Fucking temptation is what she was.

I never fucking kissed chicks or came in them or rode them bare for that matter.

But fucking it all to hell, I had become a man unrecognizable to myself and God damn it, I didn’t regret shit.

I wanted to come inside her all-day hell all night or forever for fucking sake. Her head cocked to the side, her innocent eyes took their fill of me and it ate up my six. I smashed my lips with hers, my dick growing painfully hard inside her again.

I wanted to fuck her. I wanted to fucking dominate this little body of hers to oblivion.

I had had a taste and as perverse as I was, I wanted to fuck her again.

Women were my freaking kryptonite long before my asshole of a father taught me what being a man meant. I fucked women and I fucked them hard. I made them submit to me and I lay out all my frustrations in fucking and in giving them mind blowing orgasms but with Nicole?

Shit with Nicole? It wasn’t about me cooling off but about me showing her just how beautiful and gorgeous I thought she was. It was about me giving her all the pleasure she fucking deserved.

Thrusting deeper till I could feel my own release dripping out of her, I grabbed a fistful of her hair my tongue in her mouth like it had been inside her cunt. My hands on her waist, I started to pull out only the weirdest shit had to happen.

I couldn’t fucking pull out and she noticed it. Pulling away from the kiss, her body tensed next to mine and when her voice came out weak and confused, I hated myself.

“C-Callan…w-what’s happening?”

She wasn’t letting go, that was what was happening. Stilling and trying to buy time, I pushed her hair from her neck kissing her cheek.

“Shit’s fine, baby you just have to take a breath”

And like the disobedient minx she was, she did the opposite. She fucking tried to pull away from me only to feel the pain tenfold.

“I’m stuck...I-I can’t move. I can’t…please help. Help me”

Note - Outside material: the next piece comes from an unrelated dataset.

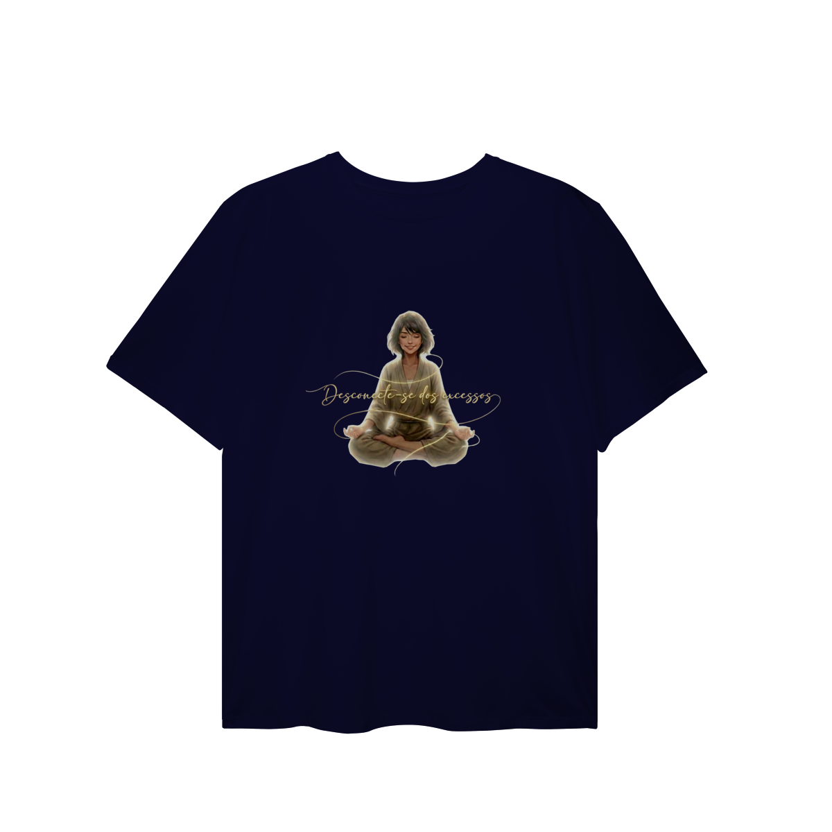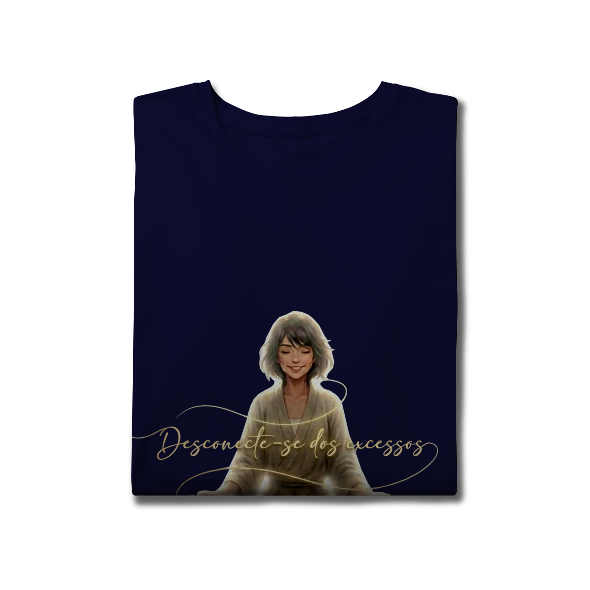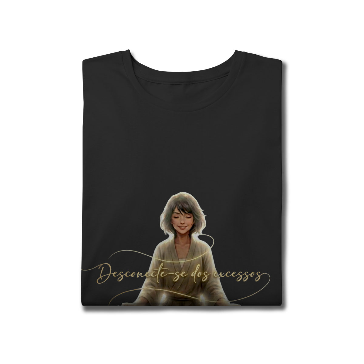DESCONECTE-SE DOS EXCESSOS convida a interromper o fluxo contínuo de estímulos. A estampa aponta para a redução do ruído como condição para clareza e presença. Uma peça que lembra que menos distração abre espaço para aquilo que sustenta sentido, profundidade e direção.

“Nicole”, I called her inaudibly not recognizing my own shit of a voice. Her head cocked to the side, her chin landing on her shoulder. Our eyes locking, I did the one thing that would distract her from our looming predicament.

I fucking claimed her lips with mine. Drinking in all her worries, taking away all her insecurities and showing her that she was safe with me. She would always be safe with me because I wanted to protect her like I hadn’t protected any other woman in my fucking life before.

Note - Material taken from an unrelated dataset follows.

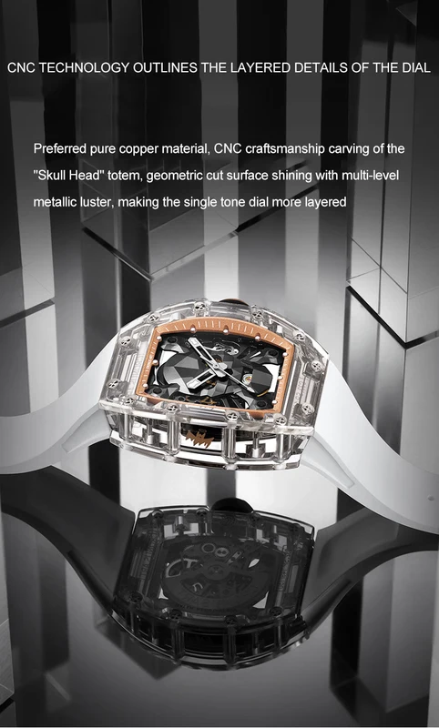 CRONUSART Men Automatic Watch 50mm*42mm Luxury Tonneau Mechanical Wristwatch Luminous Fluororubber Strap Hollow out Skull Dial
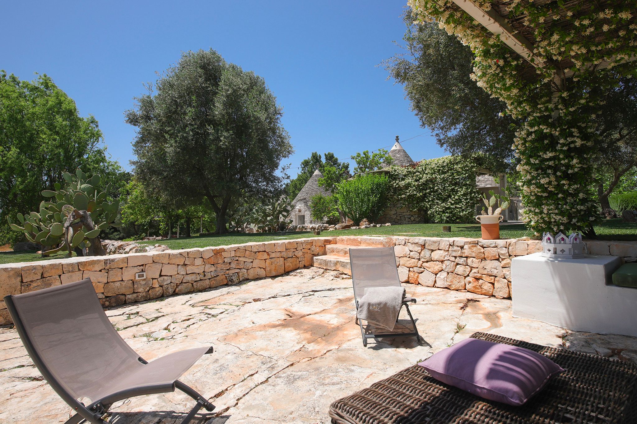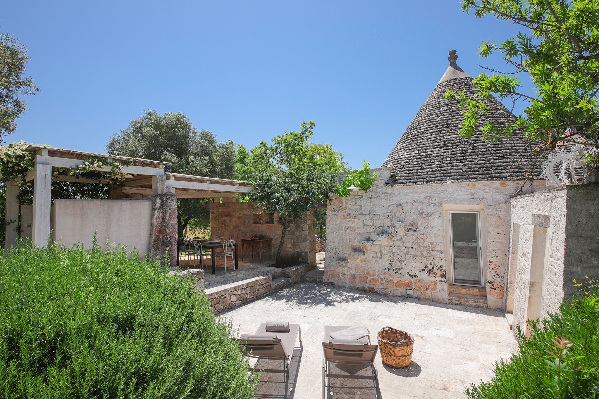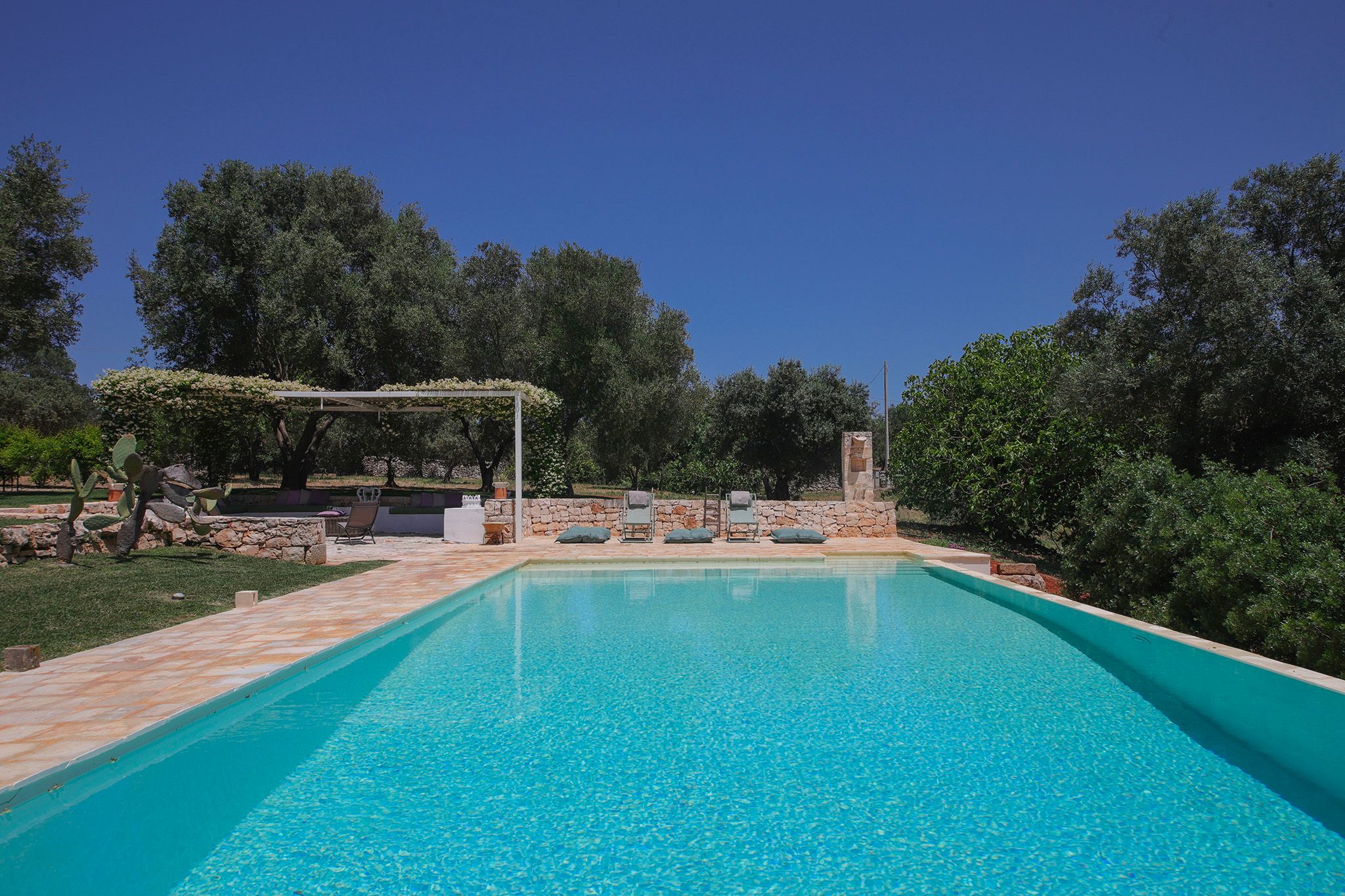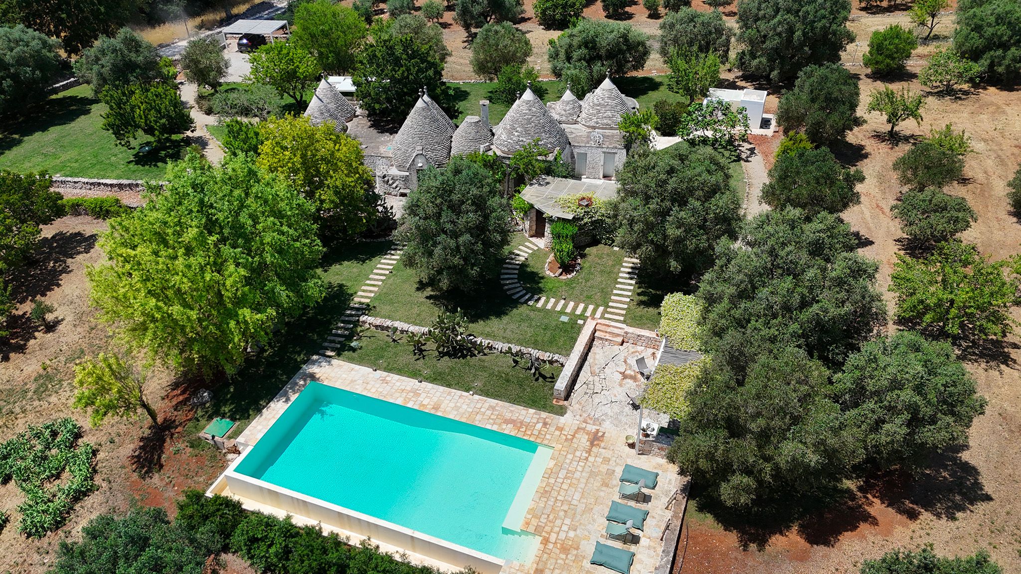 Surrounded by centuries-old olive trees, this complex of traditional trulli offers a magical stay in the heart of the Apulian countryside. Set across three independent buildings, the house delivers plenty of character and charm as well as space to stretch out and socialise. There’s a serene garden with a pool and an outdoor kitchen for alfresco dining. You can spend your days lounging at home or out exploring the region. From here, its just a short strive to Ostuni and Cisternino, while the nearest beaches are also within easy reach.

I pulled out slowly and her body wilted in my arms. Placing her naked on the bed as if she were some special ceramic fragile vase, I pulled the comforter past her shoulders.

“Stay”

“I wasn’t planning on leaving, sweetheart”

Not after being inside her and still wanting to fuck her again and again. Her cheek on my bare shoulder, her head lying beneath my chin, I took in her pure feminine scent and wished that just for once, I had someone to call mine.

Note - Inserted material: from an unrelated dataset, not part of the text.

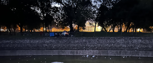 Homeless tents completely took over park, mainly on south side of park. Commonly walk my dog through the park. There are close to 25 tents now lining drainage runoff. There are over 100 articles of clothing lining the fencing, with tons of garbage, scooters, and camping pieces simply tossed into flood runoff area. This morning saw several campfires with people breaking branches off of nearby trees.
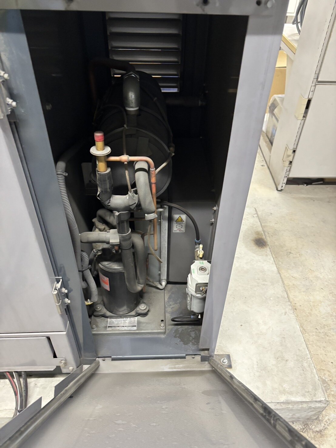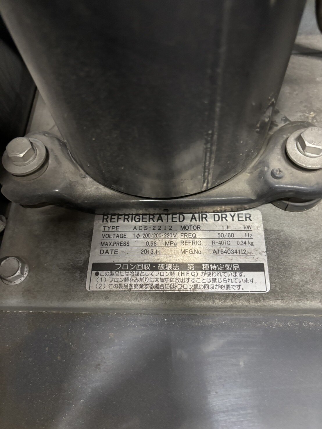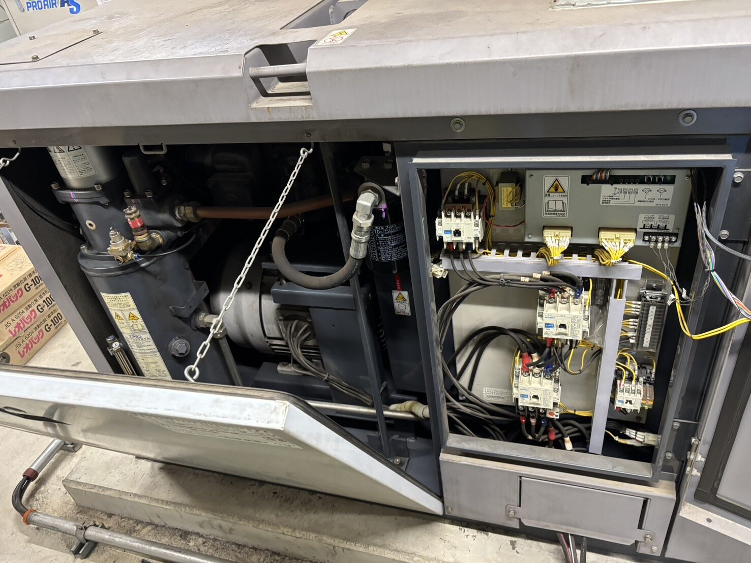 写真は定速式(ICC)のコンプレッサー。CUCO製造設備分科会の研究成果によれば明らかに型式と設定(制御方式)を変えるだけで電気代がお得になるということなので、現在研究に並行してインバーター式への更新作業を進めているところ

I never gave a shit about being alone. In fact, I rather enjoyed being alone and being free of any fucking commitments or responsibilities. A week later, I wanted to be selfish and take the damsel in my arms to be mine.

I liked her. I fucking liked the brat with her arrogance, her feistiness and her innocence and after all this, my sick mind wanted to mark her as mine and that was impossible.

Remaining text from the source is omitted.